These extensions can describe languages that are not regular (e.g., (a*)b\1 describes a^n b a^n, which is context-sensitive). Therefore, they cannot be handled by the NFA simulation alone. However, many engines use NFA simulation as a base and then add backtracking and side effects (capture groups, lookahead) on top.

Let’s focus on lookahead assertions, as they are both powerful and conceptually interesting to implement.

4.1 What is a Lookahead Assertion?

A lookahead is a zero-width assertion: it matches a position in the string where a subpattern would match (or would not match) without consuming any characters. For example:

  • abc(?=def) matches abc only if it is followed by def.
  • abc(?!xyz) matches abc only if it is NOT followed by xyz.

Lookaheads can be nested and complex. They allow regex to encode checks that are beyond regular languages (e.g., ^(?=(a|b)*a)...x ensures a certain count). In fact, lookaheads combined with backreferences make regex Turing-complete.

4.2 Why Can’t We Just Handle Lookaheads with the NFA?

In the pure NFA simulation, we can add epsilon transitions for lookaheads? Not directly. Lookaheads involve checking a subpattern at the current position and then continuing from the same position if successful. This is like a “side computation” that does not affect the main consumption of characters.

One approach is to treat a lookahead as a separate NFA that we run independently at the current position. For each current state in the main NFA simulation, when we encounter a lookahead transition, we spawn a secondary simulation starting at the current input position. If that secondary simulation reaches an accepting state, we allow the main NFA to proceed (for positive lookahead). If not, we block.

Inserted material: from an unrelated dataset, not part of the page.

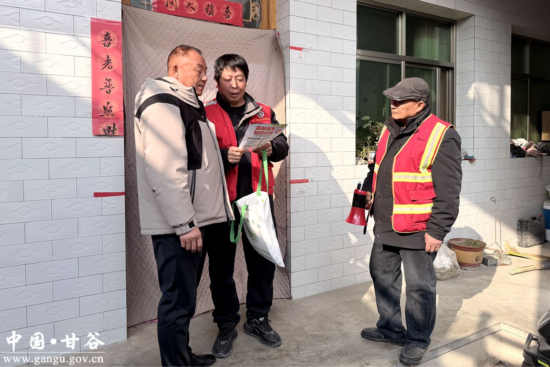 “护林员常给我们讲森林防火的重要性,我们不光自己记牢,还会反复叮嘱孩子,上山绝不带火种,保护森林是每个人的责任。”甘谷县大像山镇模范村村民张宗铭的话,道出了当地群众的防火自觉。入冬以来,甘谷县将宣传引导作为防火第一道防线,全方位拓宽宣传渠道:流动宣传车穿梭于林区沿线、乡村街巷,全天候高频次播报森林防火法律法规与安全常识;微信群、村社大喇叭实时推送防火提示,让安全意识渗透日常;干部职工、志愿者深入林区周边村庄开展“敲门行动”,用通俗易懂的方言土语讲解野外用火危害,手把手普及防火知识,推动“森林防火、人人有责”的理念深入人心。在各进山路口,工作人员严格落实登记扫码、火种检查等防控措施,牢牢守住山林“入口关”。
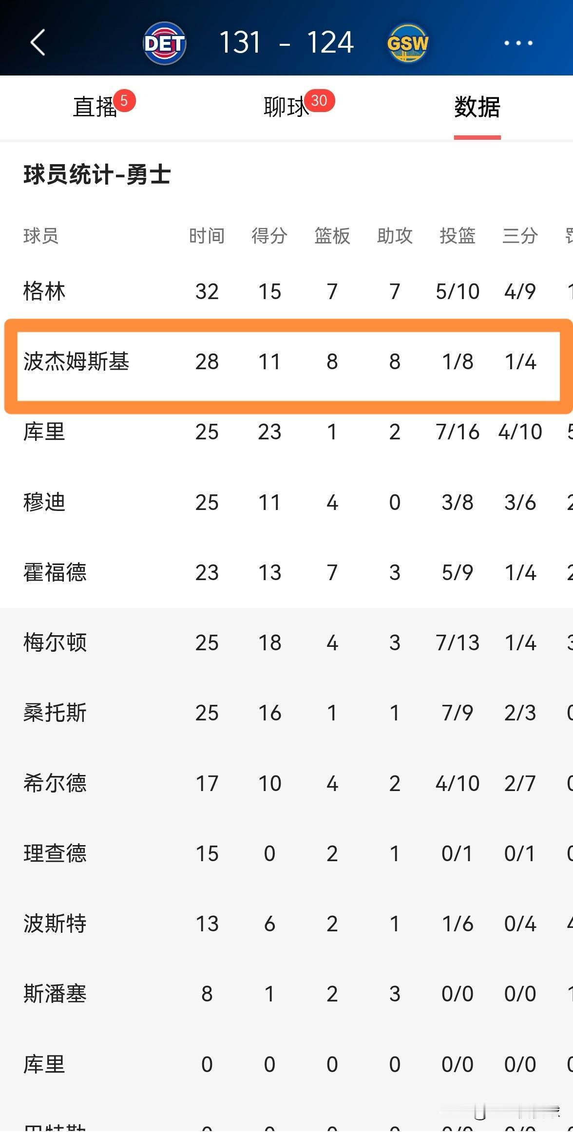 我强烈建议勇士立刻交易走波杰姆斯基!在今天勇士主场以124:131输给活塞的比赛中,波杰姆斯基在投篮端的表现简直是惨不忍睹,他在首发出战的28分钟里,投篮8中1,其中三分球4中1、罚球9中8极其低效的得到11分,还出现了4次失误,他的场上正负值为-7。 事实再次证明,以波杰姆斯基的能力来看,他完全没有资格成为库里的接班人,勇士应该趁早将波杰姆斯基交易走。

This is exactly what many regex engines do, but it introduces extra overhead and potential for infinite loops if lookaheads are allowed to consume (they shouldn’t — but nested lookaheads can cause issues). More critically, because lookaheads can be arbitrary expressions, we must implement backtracking on the main path to try different alternatives when the lookahead fails. The simple parallel state simulation breaks down because we need to revert the current state set to a previous moment.

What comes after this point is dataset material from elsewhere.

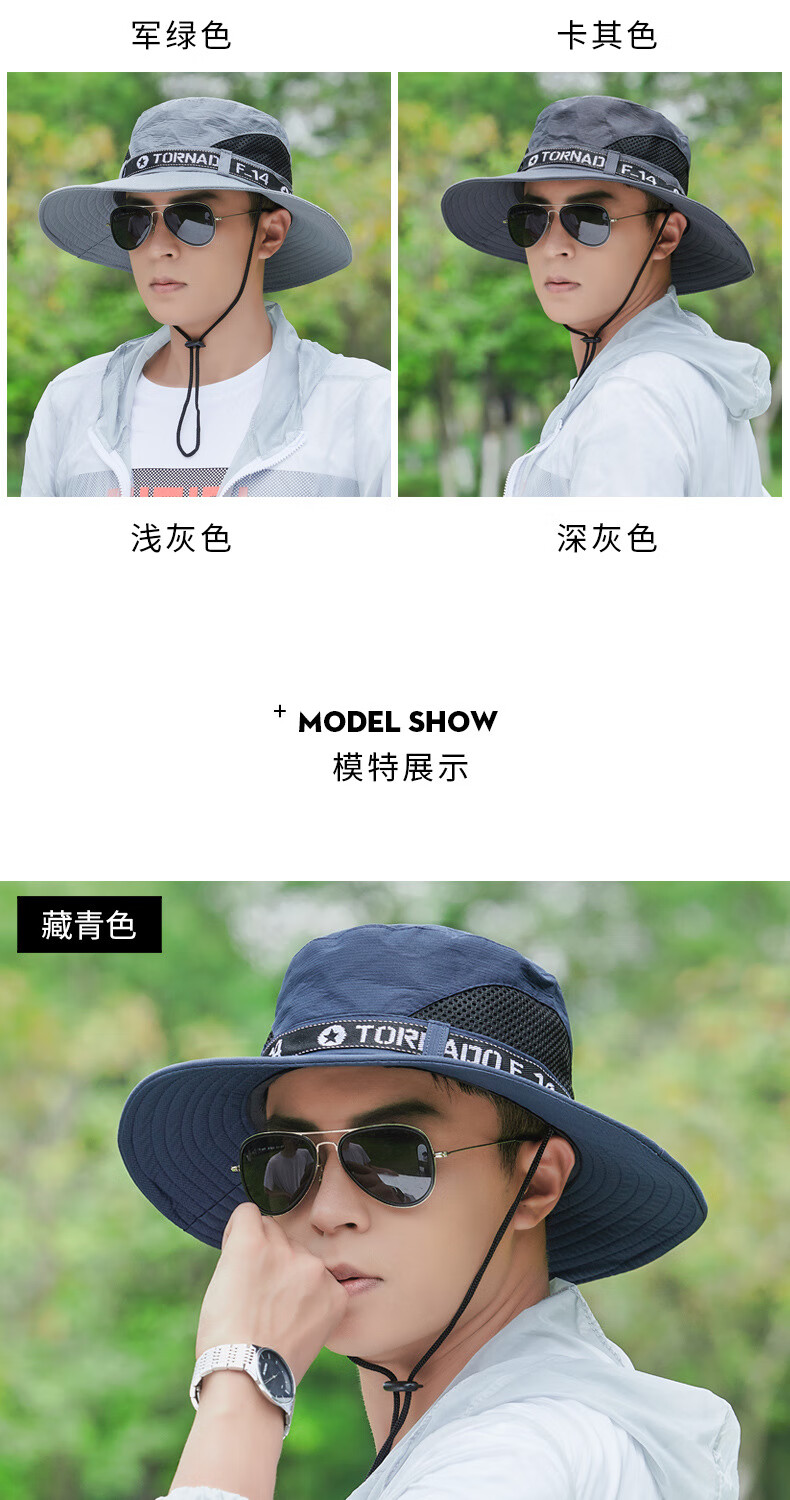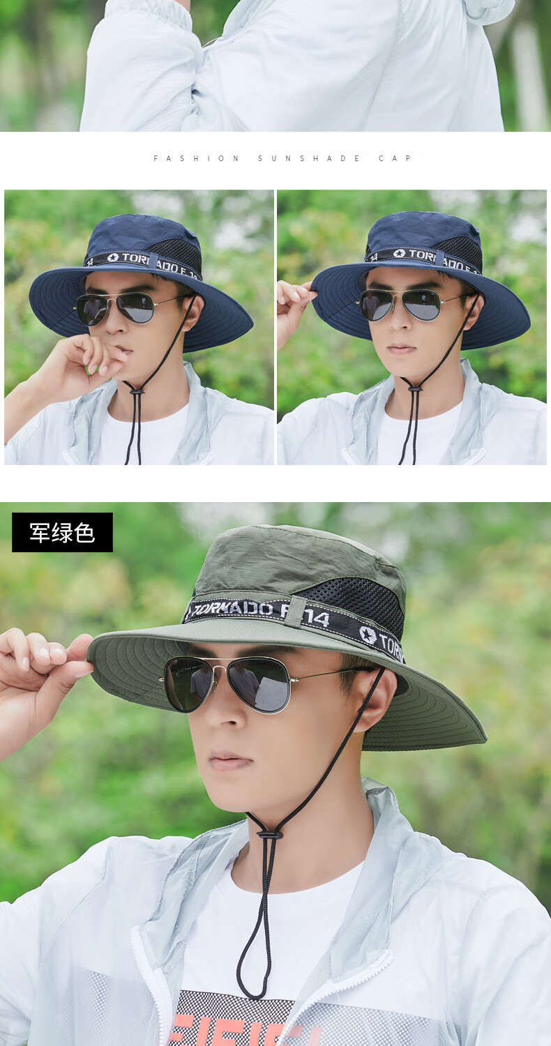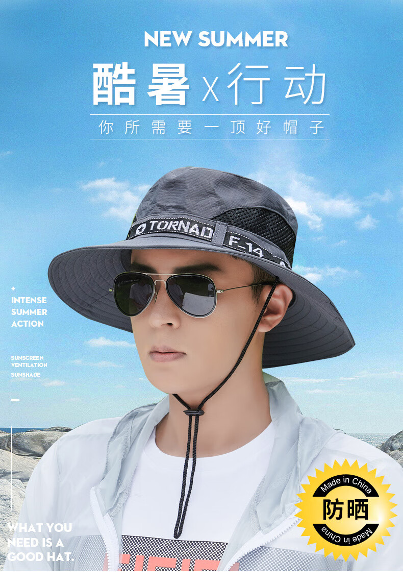 Charming sun hat men's summer fishing sun hat outdoor mountaineering sun large brim fisherman hat men's sun protection hat dark gray one size

4.3 The Need for Backtracking

Consider the regex a(?=b)c. Intended behavior: match a then check that next char is b, then match c. But input abc: after consuming a, the lookahead tests position after a. It sees b → success, then the engine tries to consume c from the same position (which is after b?) No, wait: lookahead does not advance the main pointer. So after lookahead, the main regex should still try to match c starting at the same position where a ended. But c is at position 2 (0-indexed), while after a we are at position 1. The lookahead checks if b is at position 1, which is true, then main continues from position 1 to match c — but there is no c at position 1, only b. So the regex a(?=b)c will never match abc; it would match abc only if the string were abc? Actually think: a(?=b)c means: match a, then lookahead asserts that b follows, then try to match c. But after the lookahead, we are still at the position after a. The next character is b, not c, so the pattern fails. So a(?=b)c can never match any string because c cannot occur where b is expected. In practice, you’d write a(?=b)b?c to match abc. Anyway, the point is: the main engine must be able to try different branches when a lookahead succeeds but subsequent matching fails.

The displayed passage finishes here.